- Records from a collection
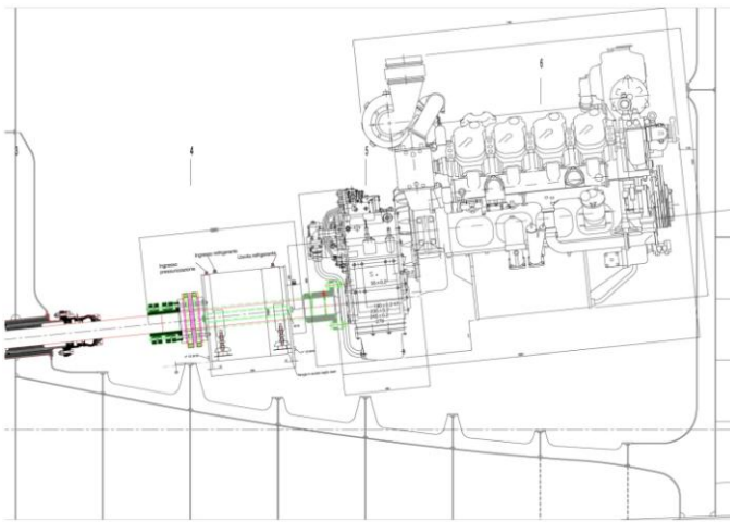
Fig. 1. Hybrid system installed onboard a 25 m lft yacht.

The hybrid system presented at the fair of fishing Ancona consists of a diesel engine and an electric motor with high torque and low speed, keyed directly on the propeller. This electric motor can function as a propulsion engine or electric generator, so at sea, with the internal combustion engine, it will provide electricity on board, allowing to keep off the traditional generator, saving in maintenance, fuel and pollution. The electric motor used as propulsion engine can be used to navigate at low speeds using conventional generators and / or batteries. In this case it creates a propulsion system or a reliable emergency power system, additional to the main engine.
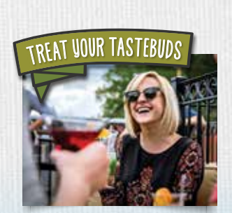
Experience the many flavors of Acworth

From casual tavern vibes and great live bands to outdoor patios, games and firepits, Acworth has you covered. And downtown's open container district is ideal for spending an evening sipping, strolling, and exploring all this charming town has to offer.
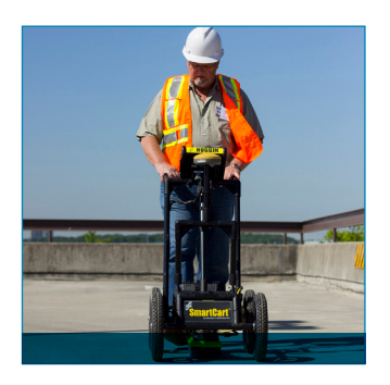
Assess the interior of concrete for deterioration
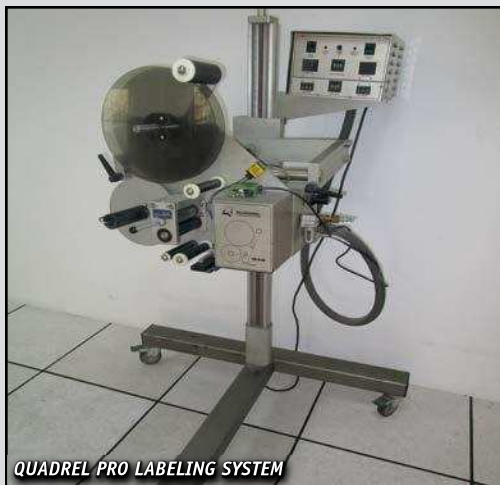
QUADREL PRO LABELING SYSTEM
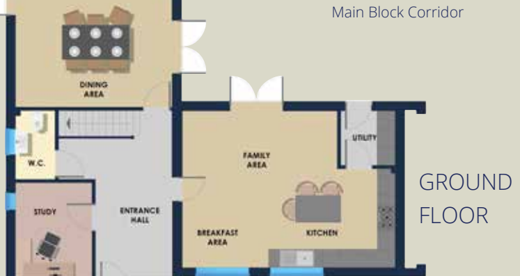
ALL MEASUREMENTS APPROXIMATE AND FLOORPLANS FOR IDENTIFICATION PURPOSES - DO NOT SCALE
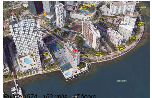
Built in 1974 - 159 units - 17 floors
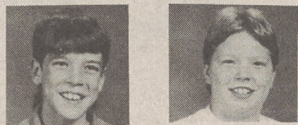
BY LANCE WALLACE and CHAD SMITH

The Institute of Government offers a similar program for principals.
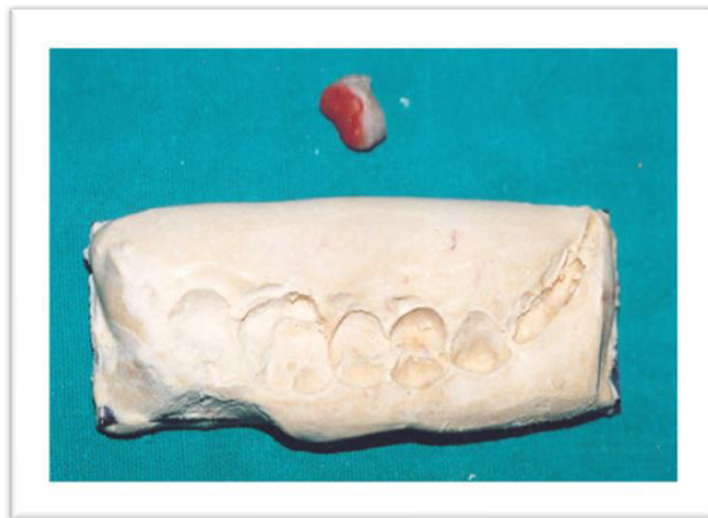
Figure 9: Functional core with temporary crown

The functional core is the stone replica of the movement of the cusps tips was removed and carefully checked and carefully checked (Figure 9).
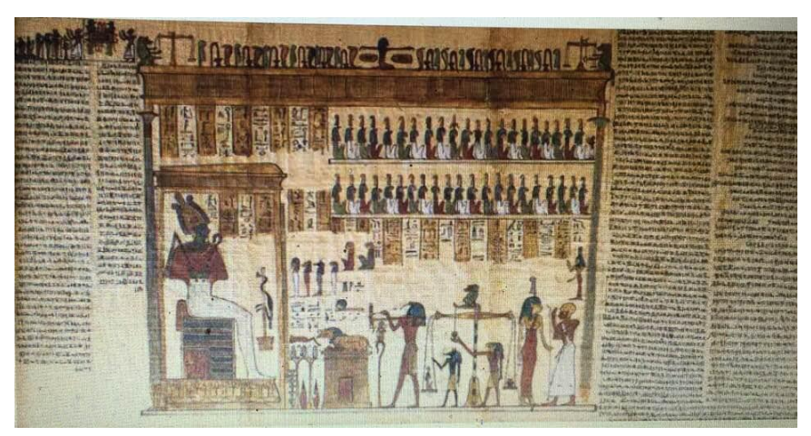
Fig. 8, Representing messengers who punish the sinful in the Realm of the Dead, vignette 125 of he Book of the Dead. After, SCALF, F.( 2017) Book Of The Dead, Becoming God in Ancient Egypt , Chicago, 81.
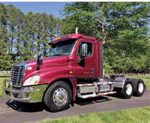
2010 Freightliner 125 Cascadia
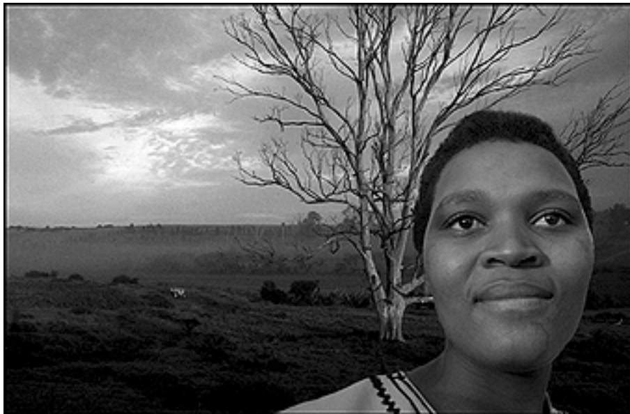
Gray scale image Pedro Meyer © 2002

A- If you take the color picture above, and transform it into a gray scale image with your favorite software, you will get the image below. You can also desaturate it, and arrive at the same looking image.
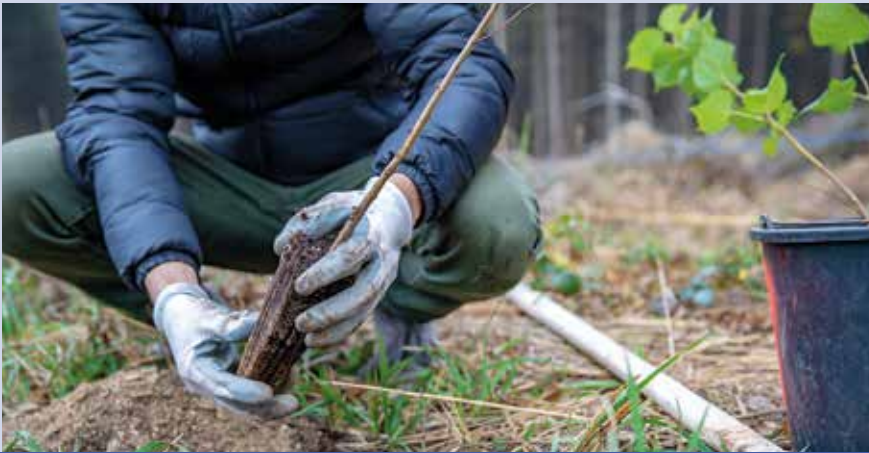
Tree restoration within the Valley
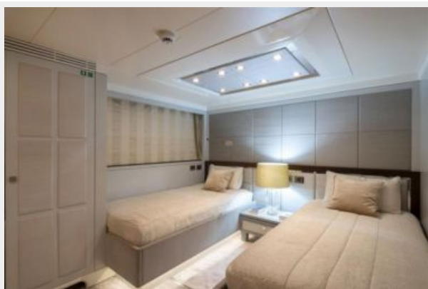
Twin Guest Cabin Port
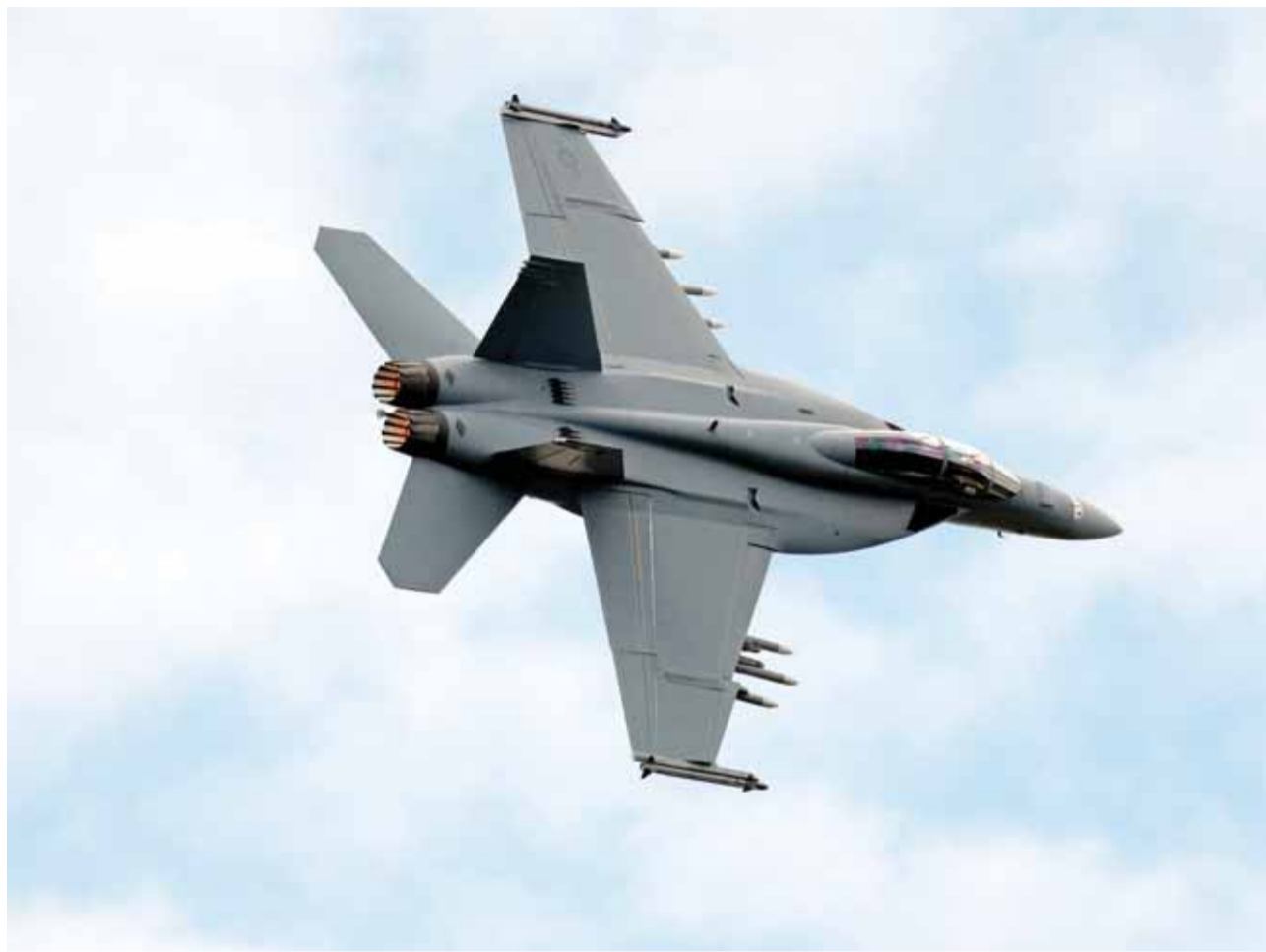
FARNBOROUGH: Photo shows the Boeing F/A-18 Super Hornet - a twin-engine, supersonic, all weather multi-role fighter at the Farnborough Airshow.
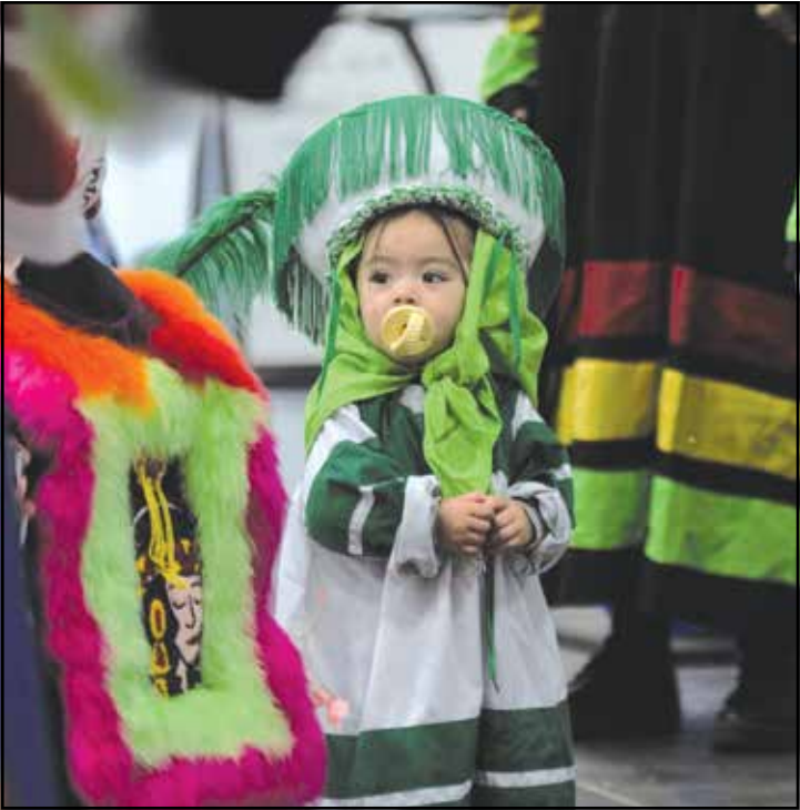
The Brinco del Chinelos were on hand to entertain the crowd.
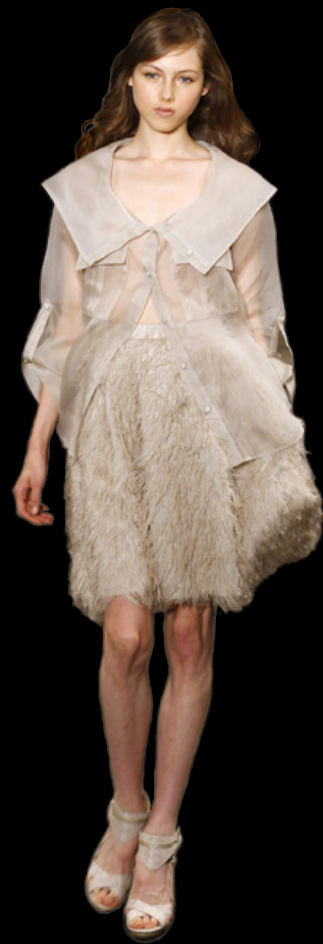
Tulle Blouse & Fur Skirt Fabric: tulle, faux fur $1,000
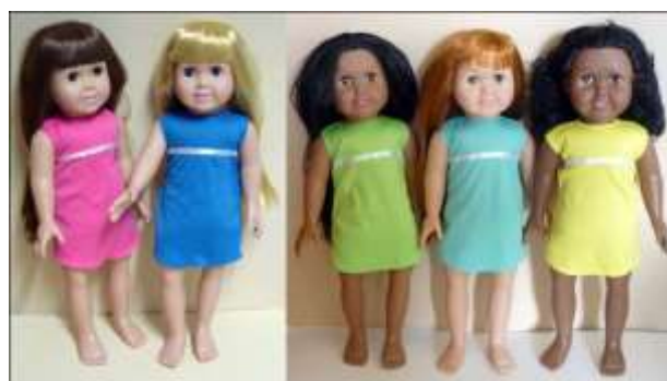
DOLLSF18 $59.50 each
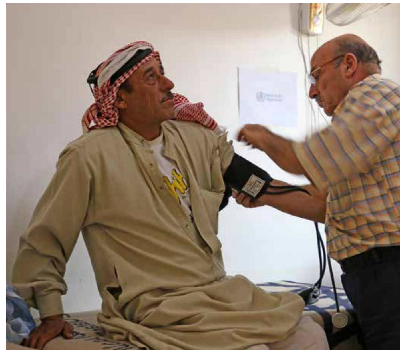
NCD patient receives care at Zerdana PHC in Idlib northwestern Syria.
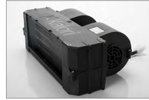
Evaporator combi Falkon
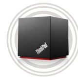
ThinkPad@ WiGig Dock
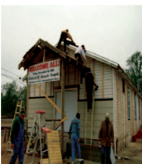
Miracle Temple Holiness church and our crew

ing, which also received a complete interior and
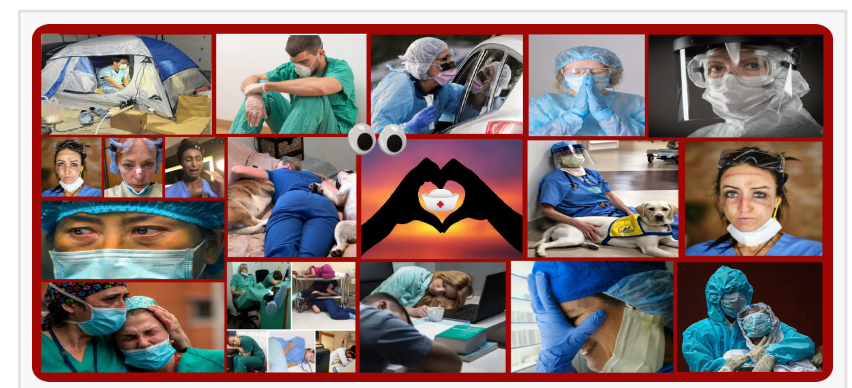
Operation Scrubs honors nurses - Covid 19's unsung frontline heroes.

LOS ANGELES, CALIFORNIA, UNITED STATES OF AMERICA, May 3, 2021 /EINPresswire.com/ -- As 2021's National Nurses Week (May 6-12) approaches, there's an exponentially growing buzz about the World Health
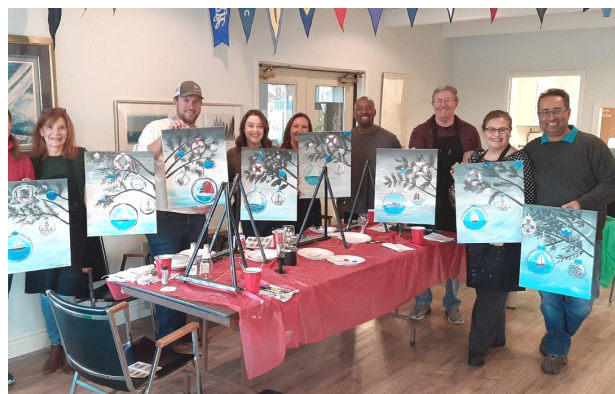
Afternoon Painting party
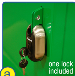
one lock included
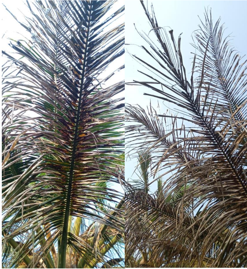
Black headed caterpillar damage in coconut leaves
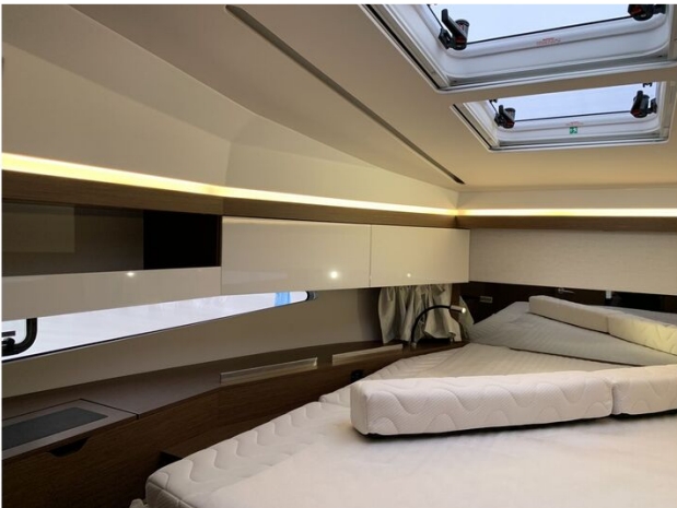
Jeanneau NC 37 twin diesel cruiser - main cabin with 2x hatch to deck
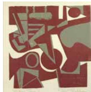
Modern Times Robert Blackburn Print making 1970
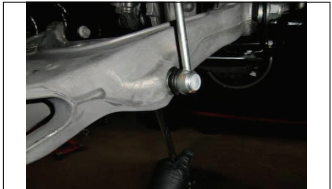
Disconnect lower sway bar end link at lower control arm.
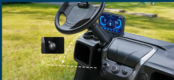
Adjustable steering column
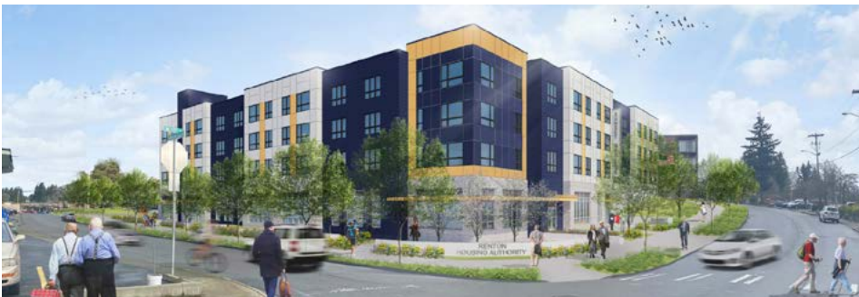
Rendering of Sunset Gardens, a 77-unit affordable housing development in Sunset Neighborhood
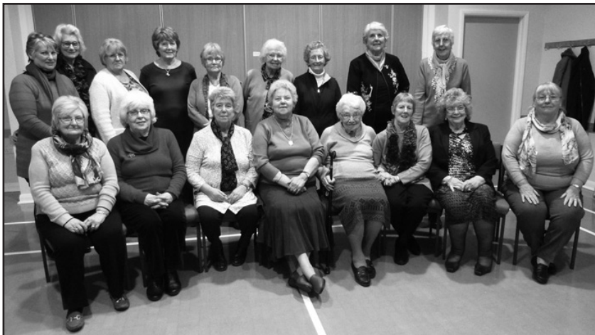
▲ The final meeting of the Etchinghill W.I. which has had to close after 94 years of existence. A very sad day for all the members.
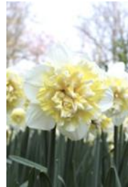
Large-cupped Ice King
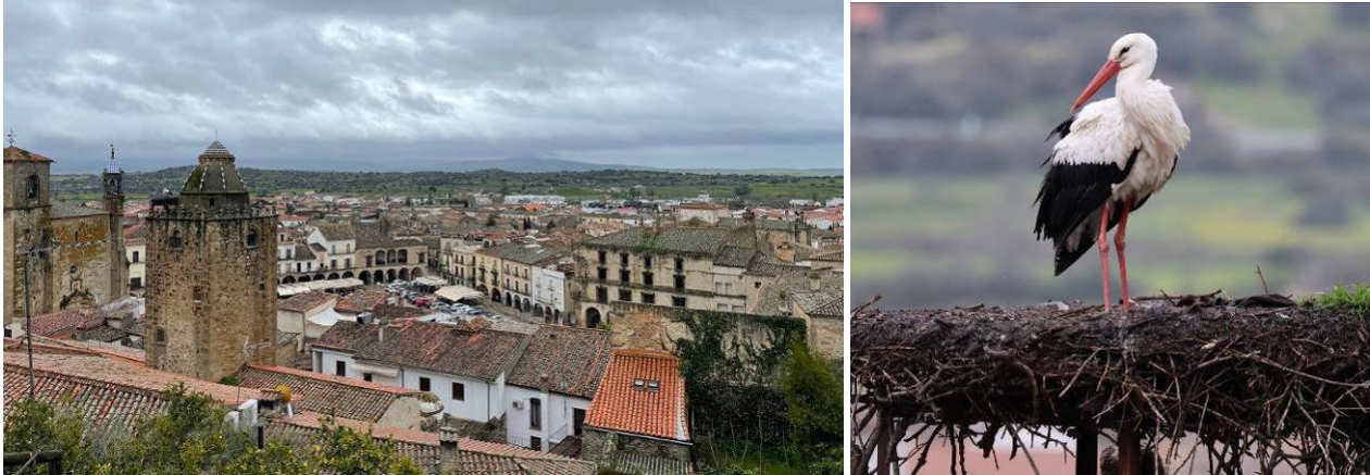
Trujillo (MK); white stork on nest in Trujillo (DB).

There had been heavy rain during the night, but it had abated by breakfast time. As we left the village, we paused at the entrance to watch a party of Hawfinches that were feeding alongside Corn Buntings and Blackbirds, turning over leaf litter in a small plantation of trees. While we were there a Lesser Spotted Woodpecker was seen briefly, as well as Iberian Magpie and Greenfinch. We stopped at the edge of Trujillo to watch Lesser Kestrels at their breeding colony in the old silo building. A few Pallid Swifts were also seen high against the darkening skies. We moved to the old part of town and walked into the Main Square and continued to explore the medieval part of the town, ascending to the Arab fortress and then back to the square. A welcome coffee in a small bar on the square was followed by some holiday shopping.
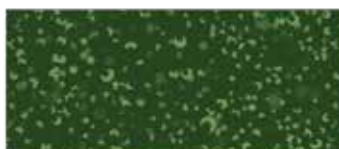
238-MG 1/4 yd
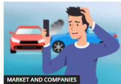
MARKET AND COMPANIES Tourists received compensation of 160 million lei in the last 5 years (UNSA)
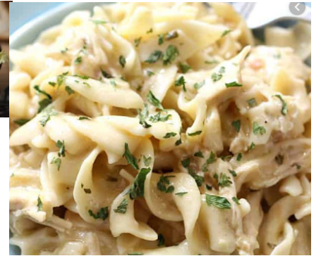
Noodle Day - Wednesday Chicken and Noodles, Salad, Bread

- Your instructions
If a line in the records includes the string "which", copy it.

- Solved exercise
ing, which also received a complete interior and
▲ The final meeting of the Etchinghill W.I. which has had to close after 94 years of existence. A very sad day for all the members.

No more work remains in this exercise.